Tunai dan TNI Jadi Kendala PPATK
Utama

Tunai dan TNI Jadi Kendala PPATK

Pakar berpendapat yang penting kemauan dari penegak hukum.

AGUS SAHBANI/ABDUL RAZAK ASRI
Bacaan 2 Menit

Lalu, muncul pula gagasan agar pembatasan transaksi tunai diatur dalam bentuk regulasi BI. Tetapi, BI meragukan efektivitas jika pembatasan transaksi tunai diatur peraturan BI. Gubernur BI Darmin Nasution berpendapat aturan yang lebih tepat adalah undang-undang karena hal ini terkait perampasan hak orang.  

Penyidik TNI
Kendala lainnya, PPATK mengaku kesulitan melacak dugaan pencucian uang yang dilakukan oknum TNI. Kasus ini sulit diusut oleh PPATK karena tidak ada penyidik dari unsur TNI. Yusuf mengaku bingung melapor kemana jika PPATK menemukan indikasi TPPU yang dilakukan oknum TNI.

“Karena tidak ada penyidiknya, kami menemukan transaksi mencurigakan di TNI, tetapi kita bingung akan kami laporkan ke mana? Siapa yang akan melakukan penyidikan awal?” ujarnya.

UU No. 8 Tahun 2010 tentang Pemberantasan dan Pencegahan TPPU, kata Yusuf, memang sudah mengatur tentang penyidik TPPU. Undang-undang itu menyebutkan penyidik berasal dari enam unsur yaitu KPK, Kejaksaan, Kepolisian, Ditjen Pajak, Ditjen Bea dan Cukai, dan BNN.
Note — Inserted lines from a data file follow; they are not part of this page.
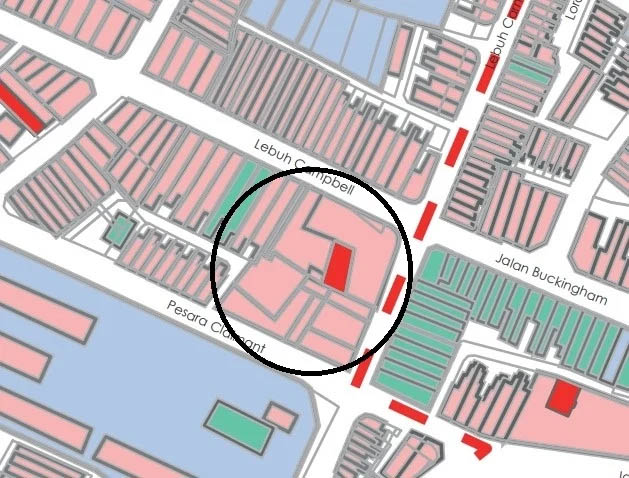 在2016年乔治市世遗特区蓝图中可见,新街头巴刹(圆圈处)以粉红色标识为第二类古迹,标识红色的部分为第一类古迹,也即是巴刹里的马来人墓地。(截图)
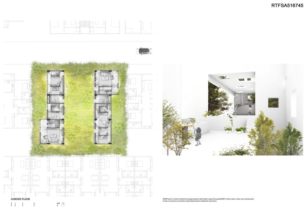 APART-ment is a future collective housing treatment that breaks a typical housing APART in three scales: urban, unit, and personal. It aims to reconnect an intimate relationship between inhabitants and nature.
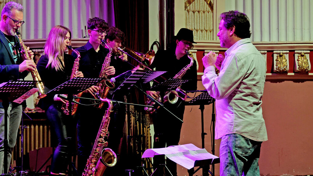 La fi de festa el va posar Comando Saxbone, format per joves músics de l’Artística, en els saxos David Alonso, Ariane Hernández i Ernest Almudever, amb el trombó Hugo Mas i amb el baix elèctric Javi Siles. Al costat de la resta de participants del concert van interpretar “Sota what” de Milers Davis, arrancant l’ovació del públic assistent.
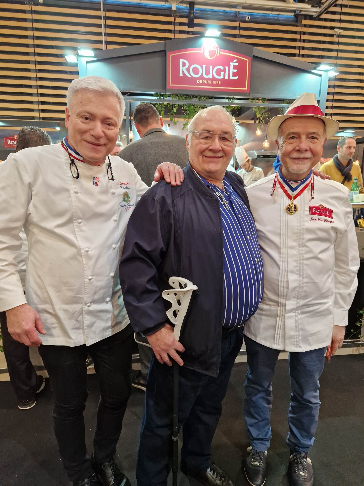 ( 1) Guillaume Gomez ex chef de l’Elysée multits mandats Gastronomiques ,Gabriel Paillasson MOF Pâtissier ,Chef Christian Millet MOF Président
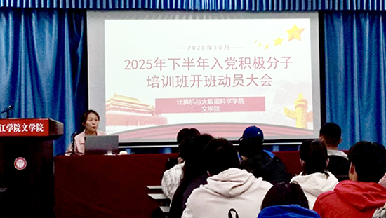为深入学习贯彻习近平新时代中国特色社会主义思想和党的二十大精神,切实加强入党积极分子思想政治引领,严把党员发展“入口关”,10月20日下午,文学院、计算机公司党委分党校联合举办的2025年下半年入党积极分子培训班开班动员大会在文友楼204召开。文学院组织员余蓓老师、计算机学院组织员周波老师出席大会,两院60余名参训入党积极分子参会。

Lantaran diatur terbatas, PPATK pun hanya bisa menyampaikan laporan kepada penyidik dari enam lembaga itu. “Kalau yang lain ada, tapi TNI tidak ada, ini menggambarkan adanya diskriminasi,” kata Yusuf.

Kemauan dan Terobosan
Pakar hukum TPPU, Yenti Garnasih berpendapat aturan tentang pembatasan transaksi tunai memang mutlak dibutuhkan. Namun, ketiadaan regulasi jangan dilihat sebagai kendala. Menurut dia, pada akhirnya yang dibutuhkan adalah kemauan dari para penegak hukum. Regulasi akan sia-sia jika penegak hukum tidak menunjukkan komitmen.

Untuk mengatasi kendala transaksi tunai, Yenti mengatakan penegak hukum harus kreatif dengan regulasi yang sudah ada. Dia mengusulkan agar dugaan TPPU melalui transaksi tunai diselisik mulai dari si penerima, lalu diterapkan pembuktian terbalik.

“Kalau transaksi tunai kan yang bisa diketahui hanya penerimanya, penegak hukum bisa memulai dengan mengusut si penerima dan menerapkan pembuktian terbalik. Yang penting kemauan,” Yenti menegaskan.

Soal TNI, Yenti berpendapat penegak hukum juga harus melakukan terobosan. Dalam hal TPPU terkait tindak pidana korupsi, Yenti yakin oknum TNI yang terlibat pasti tidak bekerja sendiri. Dengan kata lain, pasti ada pihak-pihak lain. Penegak hukum, kata dia, harus membuat terobosan dengan mengusut terlebih dahulu unsur non-TNI (sipil). “Setelah itu bisa saja digunakan mekanisme peradilan koneksitas.”